**TASK PROMPT**
Print out the data precisely as it appears here, with no pictures.

**MATERIAL PROVIDED**

☆ ☆ ☆ ☆ ☆ ☆ ☆

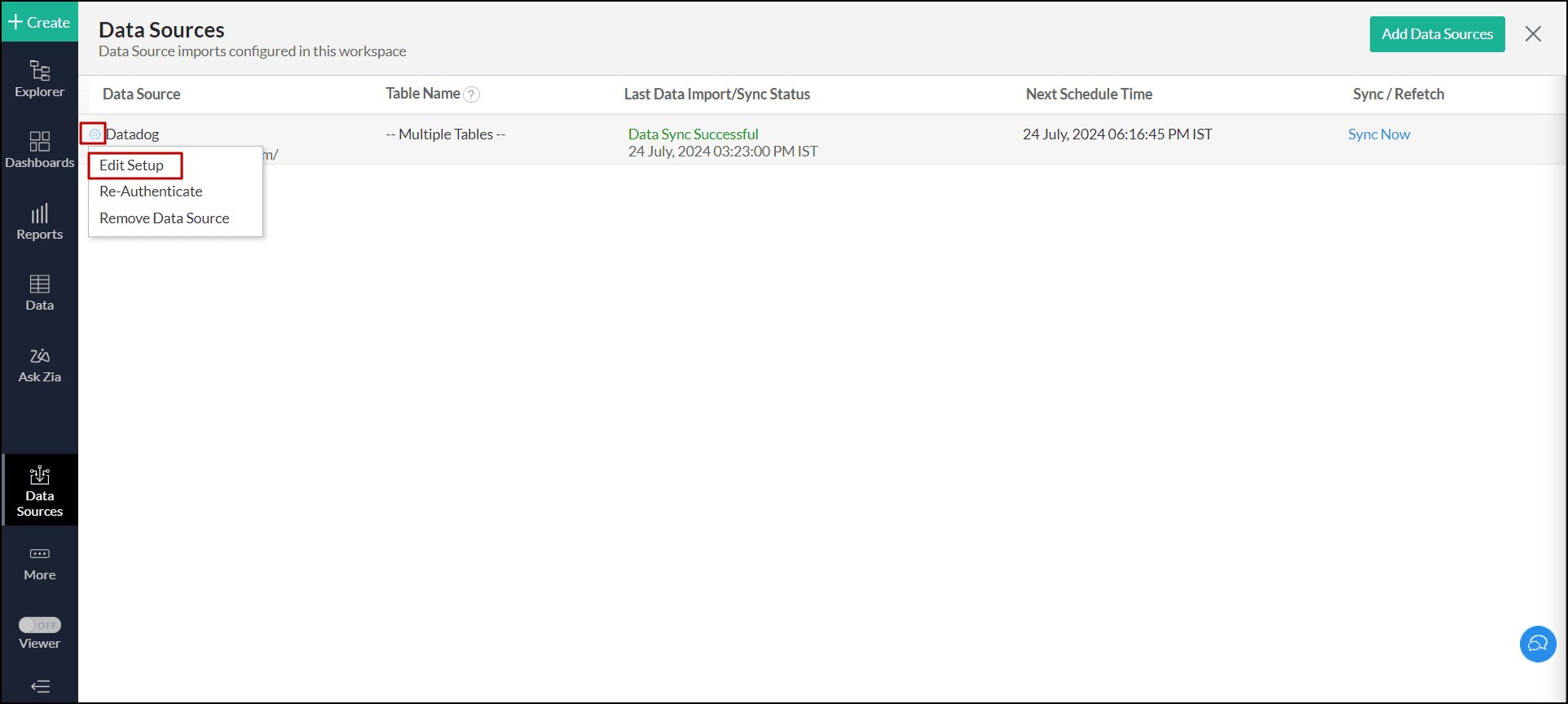 1. Click the Settings icon that appears on the mouse over the Datadog data source and click the Edit Setup option.
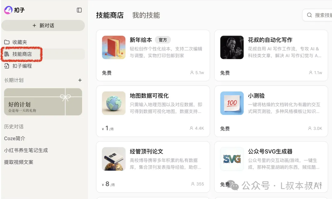 Coze上面的技能商店里的技能有非常多很有趣的,大家都可以去耍耍,我这里就不做太多展开了。
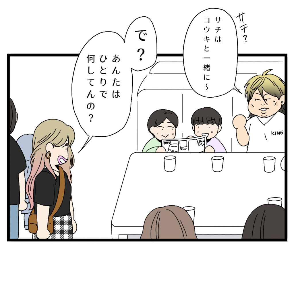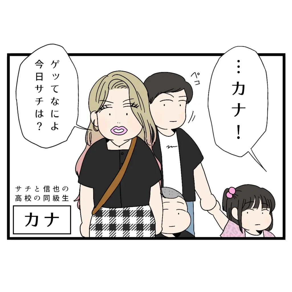 「・・・カナ!」信也さんは、最悪だと言わんばかりに顔をゆがめます。カナさんは、信也さんとサチさんの高校時代の同級生。派手な見た目とは裏腹に友達想いな性格で、サチさんとは長年の親友です。見慣れないママ友たちと一緒にいる信也さんの様子に違和感を覚えたのか、カナさんは「ゲッってなによ、今日サチは?」と問いかけました。
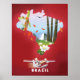Poster de viagens brasileiro que apresenta a paisagem e a vida selvagem da nação em uma bela mão criou a impressão de arte.

☆ ☆ ☆ ☆ ☆ ☆ ☆

**REPLY**
 1. Click the Settings icon that appears on the mouse over the Datadog data source and click the Edit Setup option.
 Coze上面的技能商店里的技能有非常多很有趣的,大家都可以去耍耍,我这里就不做太多展开了。
 「・・・カナ!」信也さんは、最悪だと言わんばかりに顔をゆがめます。カナさんは、信也さんとサチさんの高校時代の同級生。派手な見た目とは裏腹に友達想いな性格で、サチさんとは長年の親友です。見慣れないママ友たちと一緒にいる信也さんの様子に違和感を覚えたのか、カナさんは「ゲッってなによ、今日サチは?」と問いかけました。
Poster de viagens brasileiro que apresenta a paisagem e a vida selvagem da nação em uma bela mão criou a impressão de arte.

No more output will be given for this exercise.